Interviews with Alan Ayckbourn

Simon Murgatroyd (1998)
Archive Interview (date unknown)
How did you come to write Comic Potential?
Alan Ayckbourn:
I guess I've been building to it. There have been the big social plays like A Small Family Business, A Chorus of Disapproval - to a certain extent - and certainly Man of the Moment. One of my recurrent themes, of course, is sci-fi. It happened in Henceforward… and it certainly happens in the kids' work that I do. I'm always interested in the future, but I hope in the way that the best sci-fi is; only in the way, in so far, it is in the present. I mean, what current trends would present if they were left to run.

So I combined three of my interests: the nature of the future, the nature of what makes humans unique and that continuing fascination with our attempt, for the first time in our lives, to create something which is potentially, if not emotionally, but certainly intellectually and logically superior to us.

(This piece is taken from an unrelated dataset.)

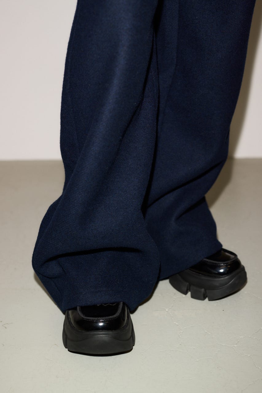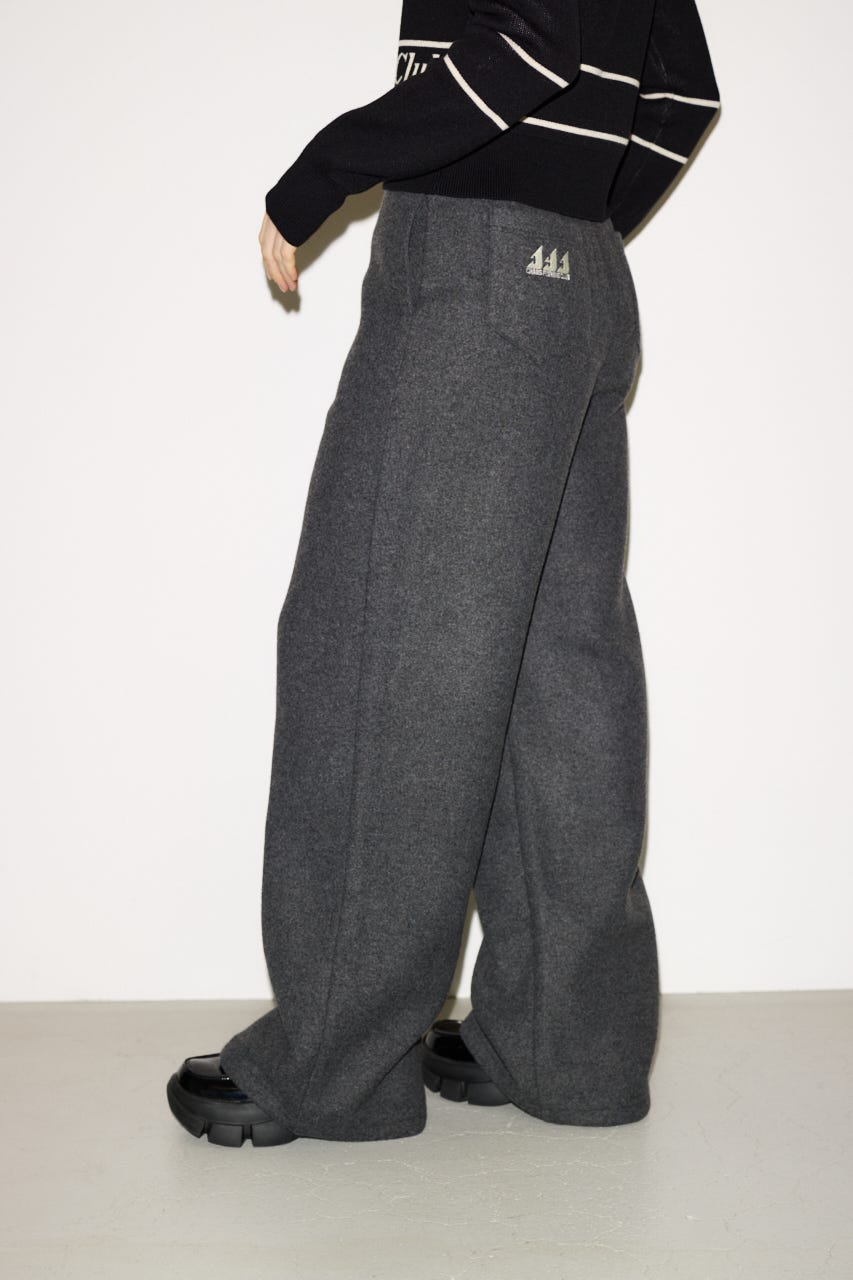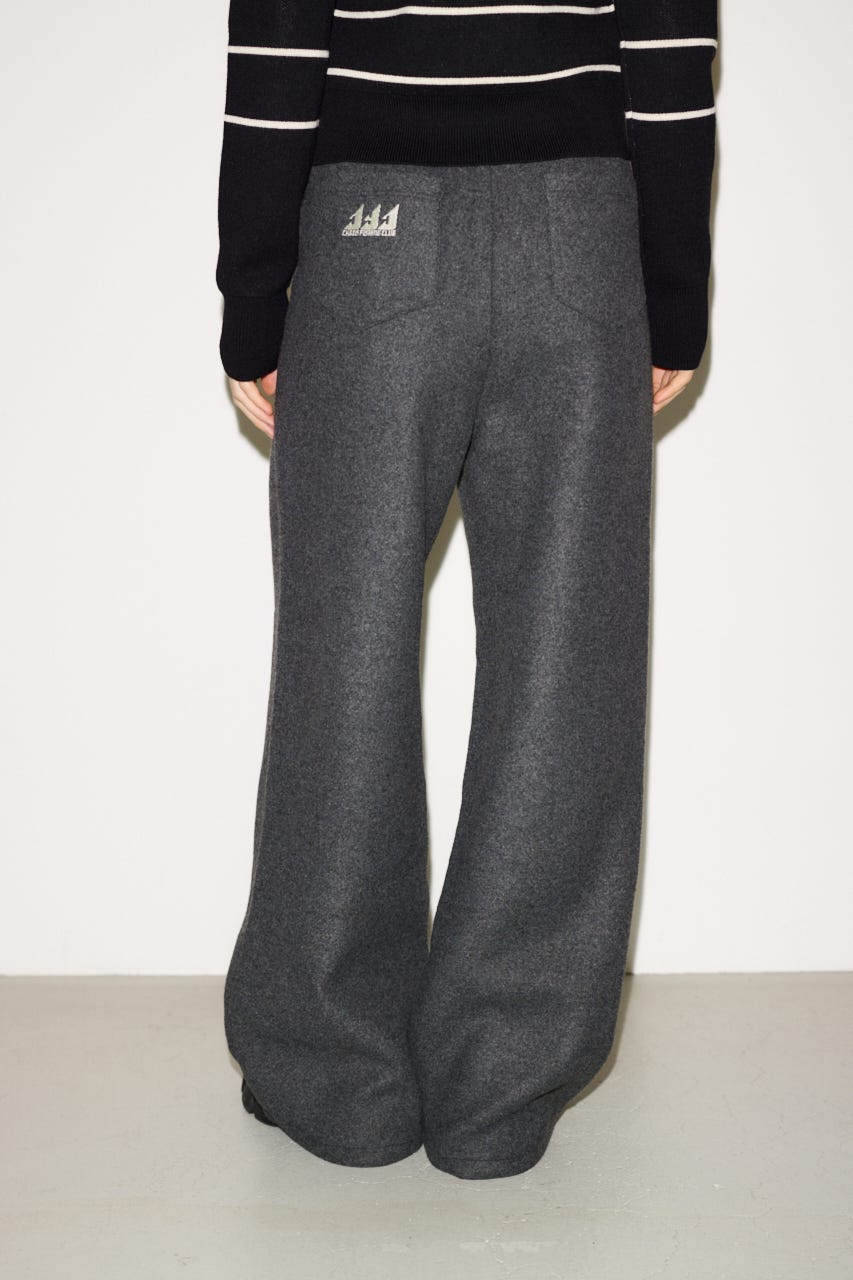 ウール混の暖かみのある素材を使用し、程よい太さのストレートシルエットでデイリー使いしやすく、ウエスト部分は後身頃がゴム使用になっているのでリラックス感のあるアイテムに。

Then within that I identified two things that always strike me as peculiarly human. One is, of course, our ability to fall in love; which, apart from the courtship rituals, is fairly unique. Our love has got quite sophisticated surviving very often courtship and sex. Many people often enjoy each other's company long after that hot passion has disappeared.

It is also our ability to laugh and I think the two are often alive in the lonely hearts' columns of the papers. You often see this phrase GSOH - Good Sense of Humour - and even people with absolutely no sense of humour of their own are always desperate to meet man/woman with GSOH which somehow seems to be a special quality we all seem to want.

And it ties in with all those advertising clichés of people, of a couple dining together and suddenly laughing together, then suddenly going very serious, that laughter in love leads to sex and all that. That, combined with everything else, decided I wanted to write a story about an artificial brain that first develops a sense of humour then belatedly a sense of love.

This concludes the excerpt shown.